AI Navigate

ベテランの若手育成負担を減らせ、PLC制御の「ラダー図」をAIで生成

日経XTECH / 3/19/2026

📰 NewsTools & Practical UsageIndustry & Market Moves

Key Points

  • ベテラン設計者の負担を減らし、若手育成をAIで支援するPLCラダープログラム生成の取り組みを紹介。
  • ラダー図は接点とコイルの配置で動作条件を直感的に示し、AI生成で学習期間の短縮と設計作業の効率化が期待される。
  • 従来の技能伝承は時間を要するが、AIが初期ドラフトを提供することでベテランの確認・修正負担を軽減する可能性。
  • 中間言語を介してのラダー図生成など、実装方針の検討も進んでいる。

 「ベテランが実務と若手育成の両方を担っており、負担が増えている」――。こう話すのは、生産設備の受注設計・製作を手掛けるオージーエヌ(愛知県岡崎市)の歌野翔太社長だ。技能伝承の効率化は、設計の現場でも求められている。生産設備の電気設計における技能伝承をAI(人工知能)の活用で支援する同社の取り組みを見てみよう。

 同社がAI活用の対象とした業務は、PLC(プログラミングロジックコントローラ)を制御するラダープログラムの作成だ。機械を動かす電気回路図(リレーシーケンス図)がベースとなっており、2本の縦線とそれらを結ぶ横線をベースに表現する形がはしご(ラダー)に似ている。ラダープログラムはラダー図とも呼ばれる。

ラダー図
ラダー図
(出所:オージーエヌ)
[画像のクリックで拡大表示]

 ラダー図は上から下、左から右へと進んでいくため、プログラムの実行順が分かりやすい。また、ラダー図の左側にスイッチやセンサーなどの「接点」、右側にアクチュエーターやランプなどの「コイル」を配置しており、「このスイッチが入ったらこのモーターが動く」「このセンサーが反応したらこのランプが点灯する」といった条件も直感的に理解できる。

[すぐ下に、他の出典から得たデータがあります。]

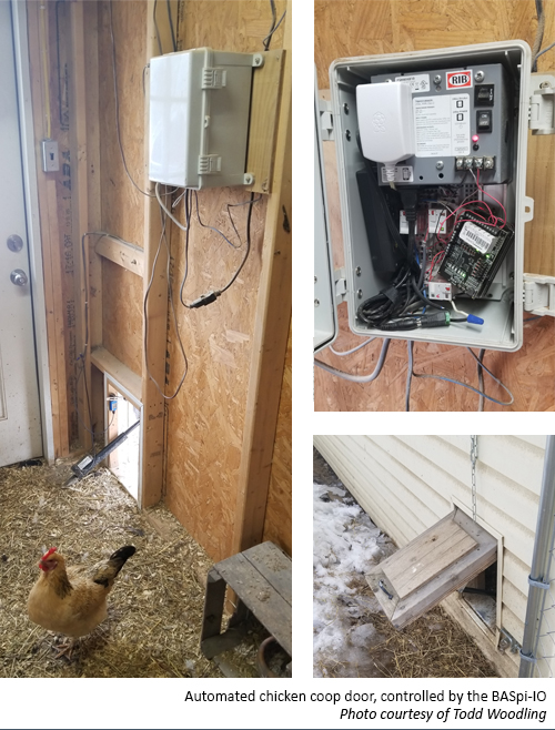 The chicken coop was within his Wi-Fi network, so Woodling was able to take advantage of the fact that the BASpi-IO can be programmed and interfaced via Wi-Fi, unlike most building controllers. By utilizing the BASpi's built-in web server, Woodling can now activate the closing of the door from a webpage and can verify the door is closed by using a limit switch attached to one of the BASpi-IO's universal inputs. Another universal input was used to attach a thermistor for monitoring coop temperature.

 こうしたメリットがあるため、ラダー図はPLCのプログラミング言語として現在も広く使われている。数式を用いた複雑な計算処理では別の言語(ST言語など)を使う場合があるものの、これまで蓄積したプログラムの活用や既存機器のメンテナンスを考えると、ラダー図を作成する技能を絶やすわけにはいかない。

 視認性が高く、一見すると単純そうに思えるラダー図だが、その習得は一筋縄ではいかない。ラダー図のルールを知識として知っていても、どんな接点やコイルをどういう順番で配置するのかは設計者の腕次第。うまく動作しなかった際の修正にも、実際の設備を理解した上での臨機応変さが必要だ。

 若手設計者がラダー図の技能を習得するプロセスとしては従来、まずベテラン設計者の手伝いをしながら基礎を学んだ後、部分的なラダー図の作成を担当するなど、何年もかけて担当業務を広げていく。歌野社長は「はじめから多くのラダー図を作成すれば技能の習得は早まるかもしれないが、ベテランが確認・修正する手間が増えてしまう」と難しさを語る。

 そこで考えたのが、若手設計者が経験を積む初期段階においてAIを活用し、ベテラン設計者の負担を軽減する方法だ。歌野社長は「ラダー図をAIで生成できれば、ベテランが1から教えている内容をある程度は習得でき、習得期間の短縮とベテランの負荷軽減を実現できると考えた」と振り返る。